--- Supplied information Enclosed Below ---

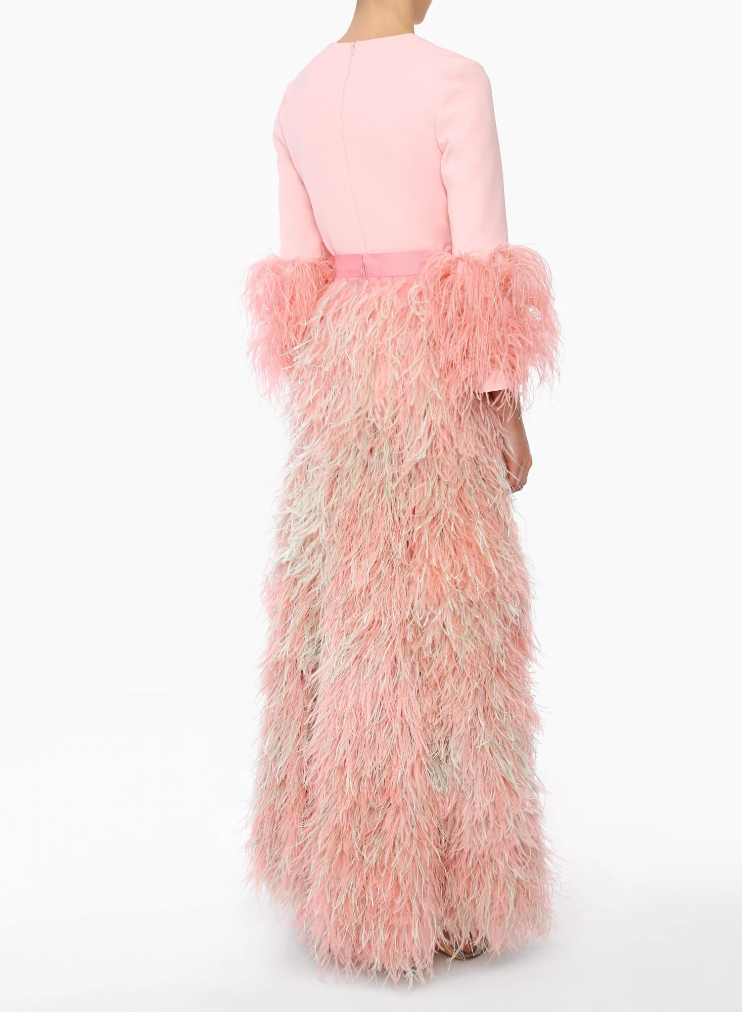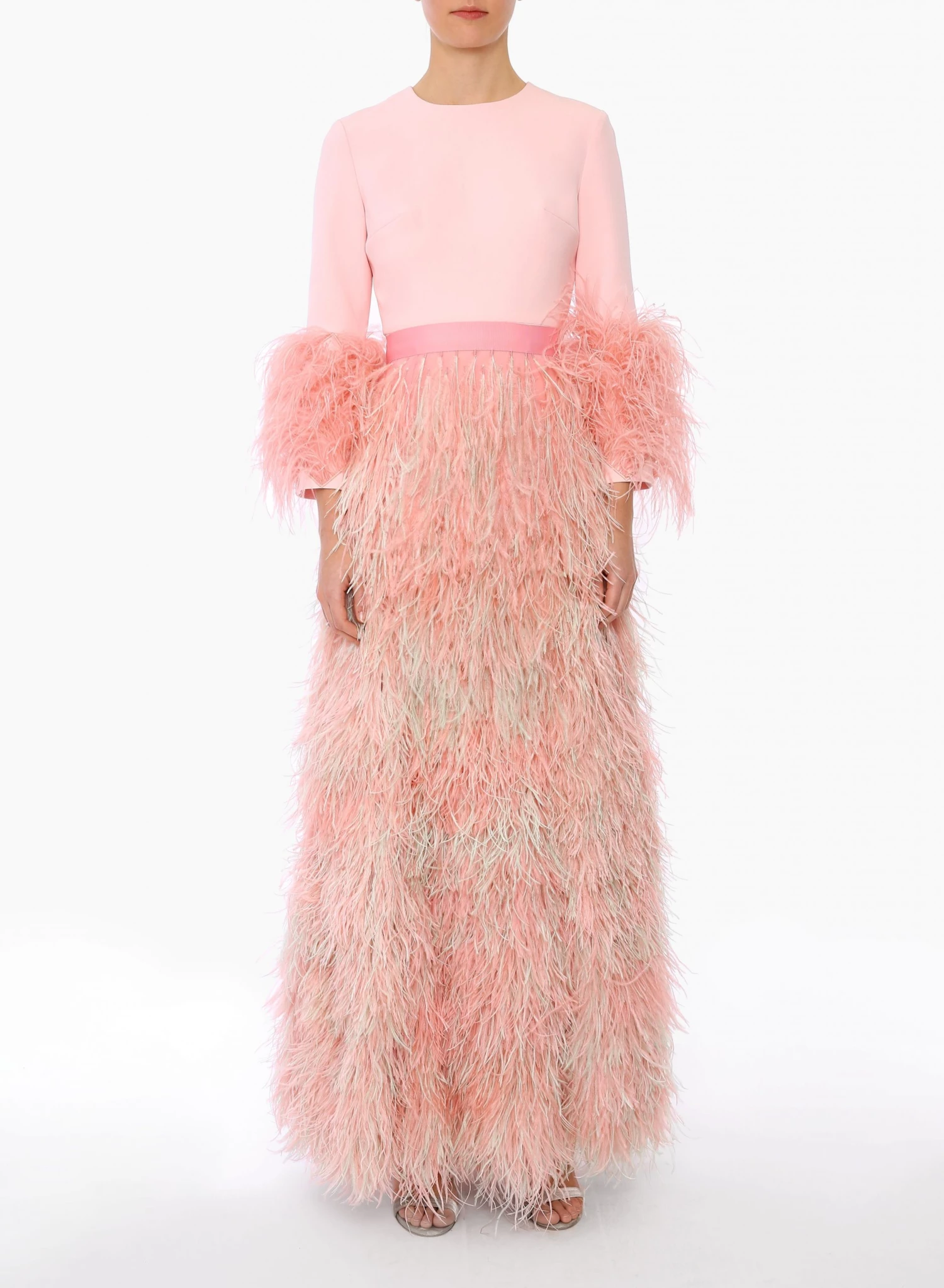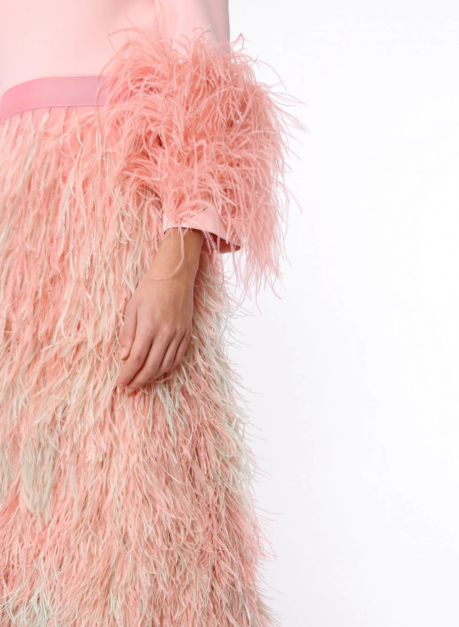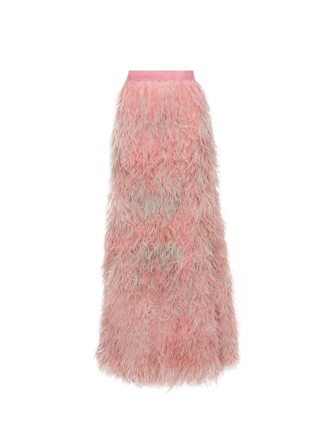 The Bianca is a long ballgown pastel pink skirt in crepe with a dense tonal and pale green ostrich feather embroidery.
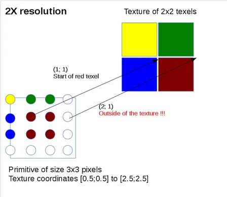 Now let's explain the other new hack. Primitives have only color information - this is enough for a small surface but not efficient to draw a big surface. In order to reduce computational load they just map a texture on to the primitive. You just need to provide the texture coordinates. Instead of a lengthy explanation, let's just use an example.
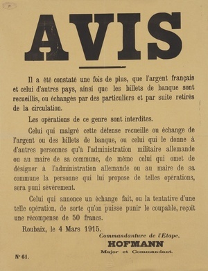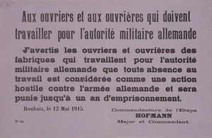 Wandanschlag in französischer Sprache. Veröffentlicht im von Deutschland besetzten Frankreich; Roubaix, 18. Juni 1915. Unter der Androhung, nach Deutschland verschleppt und interniert zu werden, wird sämtliche Arbeitssabotage in den Fabriken unter deutscher Verwaltung verboten. "Désordres dans les usines dirigées par l’administration militaire allemande Ces derniers jours des désordres se sont renouvelés dans les usines travaillant sous la direction de l’administration militaire allemande par suite de la résistance des patrons, des directeurs, des employés ou des ouvriers. En conséquence je déclare ce qui suit: 1). Les patrons, les directeurs, les employés, les ouvriers ainsi que les ouvrières ne travaillent pas volontairement mais sur l’ordre de l’administration militaire allemande. 2). Tout désordre dans le fonctionnement de la fabrique dû à une cessation du travail préméditée par les patrons, les directeurs, les employés, les ouvriers ou les ouvrières sera considéré comme une action hostile contre l’armée allemande et punie comme telle suivant les lois militaires. Toute excitation au désordre sera traitée de la même facon. 3). Toutes les personnes qui se rendent coupables de telles actions ou celles qui en sont les instigatrices doivent s’attendre à être transportées en Allemagne. Roubaix, le 18 Juin 1915. Commandanture de l’Etape Hofmann Major et Commandant."

--- End of Enclosed Supplied information ---

§ Directions:
Please copy out the whole listing exactly as it stands, minus the pictures.

§ Written solution:
 The Bianca is a long ballgown pastel pink skirt in crepe with a dense tonal and pale green ostrich feather embroidery.
 Now let's explain the other new hack. Primitives have only color information - this is enough for a small surface but not efficient to draw a big surface. In order to reduce computational load they just map a texture on to the primitive. You just need to provide the texture coordinates. Instead of a lengthy explanation, let's just use an example.
 Wandanschlag in französischer Sprache. Veröffentlicht im von Deutschland besetzten Frankreich; Roubaix, 18. Juni 1915. Unter der Androhung, nach Deutschland verschleppt und interniert zu werden, wird sämtliche Arbeitssabotage in den Fabriken unter deutscher Verwaltung verboten. "Désordres dans les usines dirigées par l’administration militaire allemande Ces derniers jours des désordres se sont renouvelés dans les usines travaillant sous la direction de l’administration militaire allemande par suite de la résistance des patrons, des directeurs, des employés ou des ouvriers. En conséquence je déclare ce qui suit: 1). Les patrons, les directeurs, les employés, les ouvriers ainsi que les ouvrières ne travaillent pas volontairement mais sur l’ordre de l’administration militaire allemande. 2). Tout désordre dans le fonctionnement de la fabrique dû à une cessation du travail préméditée par les patrons, les directeurs, les employés, les ouvriers ou les ouvrières sera considéré comme une action hostile contre l’armée allemande et punie comme telle suivant les lois militaires. Toute excitation au désordre sera traitée de la même facon. 3). Toutes les personnes qui se rendent coupables de telles actions ou celles qui en sont les instigatrices doivent s’attendre à être transportées en Allemagne. Roubaix, le 18 Juin 1915. Commandanture de l’Etape Hofmann Major et Commandant."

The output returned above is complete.